TRANSITIONS IN STRUCTURAL STYLES AND TRENDS WITHIN THE NORTHERN APPALACHIAN HUDSON VALLEY FOLD-THRUST BELT NEAR CATSKILL, NEW YORK


YAKOVLEV, Petr V., Department of Geology and Geophysics, Boston College, 140 Commonwealth Avenue, Chestnut Hill, MA 02467, KUIPER, Yvette D., Geology & Geophysics, Boston College, Chestnut Hill, MA 02467, MARSHAK, Stephen, School of Earth, Society, and Environment, University of Illinois at Urbana-Champaign, Urbana, IL 61801, BURMEISTER, Kurtis C., Department of Geological & Environmental Sciences, University of the Pacific, 3601 Pacific Avenue, Stockton, CA 95211 and SEN, Pragnyadipta, Department of Geology, SUNY Oneonta, Oneonta, NY 13820, yakovlep@bc.edu

The Hudson Valley foreland fold-thrust belt (HVB) is a narrow, 2 to 8-km wide belt of deformed upper Ordovician to Middle Devonian clastic and carbonate strata exposed along the western margin of the Hudson Valley in eastern New York State. Here, deformed strata are involved in an array of west-verging thrust faults and fault-related folds above regional-scale, sub-horizontal detachment faults in the underlying Ordovician and Silurian sequences. Recent geologic mapping at a scale of 1:10,000 along an 11-km long segment of the HVB near the town of Catskill reveals that this segment includes a doubly-plunging, first-order anticline-syncline pair that occupies nearly the entire ~ 2 km cross-strike width of the belt; the syncline lies to the east of the anticline.

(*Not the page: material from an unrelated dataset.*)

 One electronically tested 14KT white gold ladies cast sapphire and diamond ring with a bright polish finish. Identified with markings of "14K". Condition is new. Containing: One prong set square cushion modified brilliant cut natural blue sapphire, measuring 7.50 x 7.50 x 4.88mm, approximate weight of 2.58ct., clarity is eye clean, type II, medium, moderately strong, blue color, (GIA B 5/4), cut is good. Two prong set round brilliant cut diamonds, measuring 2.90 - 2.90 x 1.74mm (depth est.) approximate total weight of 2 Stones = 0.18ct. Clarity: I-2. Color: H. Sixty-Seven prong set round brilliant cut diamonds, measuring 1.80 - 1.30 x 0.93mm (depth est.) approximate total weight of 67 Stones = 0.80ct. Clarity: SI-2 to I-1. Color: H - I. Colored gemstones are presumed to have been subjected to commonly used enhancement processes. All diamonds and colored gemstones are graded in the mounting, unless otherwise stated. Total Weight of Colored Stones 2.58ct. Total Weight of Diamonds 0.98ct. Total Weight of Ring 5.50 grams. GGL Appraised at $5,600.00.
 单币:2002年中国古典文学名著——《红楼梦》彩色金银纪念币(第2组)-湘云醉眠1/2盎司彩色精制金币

Comparison of this segment to adjacent segments of the HVB along strike reveals that two along-strike transitions in structural styles and trends take place near Catskill First, the 1.5 km wavelength of the first-order folds is significantly greater than that of the along-strike equivalents in adjacent regions. For example, the first-order folds in the Leeds-Coxsackie segment of the HVB located 2 km north of the Catskill study area have approximately 0.5 km wavelengths. The larger wavelength of the folds in the Catskill area may reflect a local increase in cross-strike shortening near Catskill accommodated by the propagation of thrust fault ramps up-section from the underlying Austin Glen detachment. Second, while the first-order folds near Catskill have similar structural styles and trends in the southern and northern portions of the study area, they are separated by a central, complexly deformed interval. Folds in the southern portion of the Catskill study area trend 015° and plunge northward. Folds in the northern part of the study area plunge to the south and trend 030°. Strata in the central portion of the study area are involved in a complex synclinorium along the eastern margin of the HVB that contains relatively tight folds that are cut by lateral thrust ramps. This along-strike transition in structural styles and trends is possibly the result of a relay structure between thrust faults associated with the southern ~ 015°-trending folds and the northern ~ 030°-trending folds.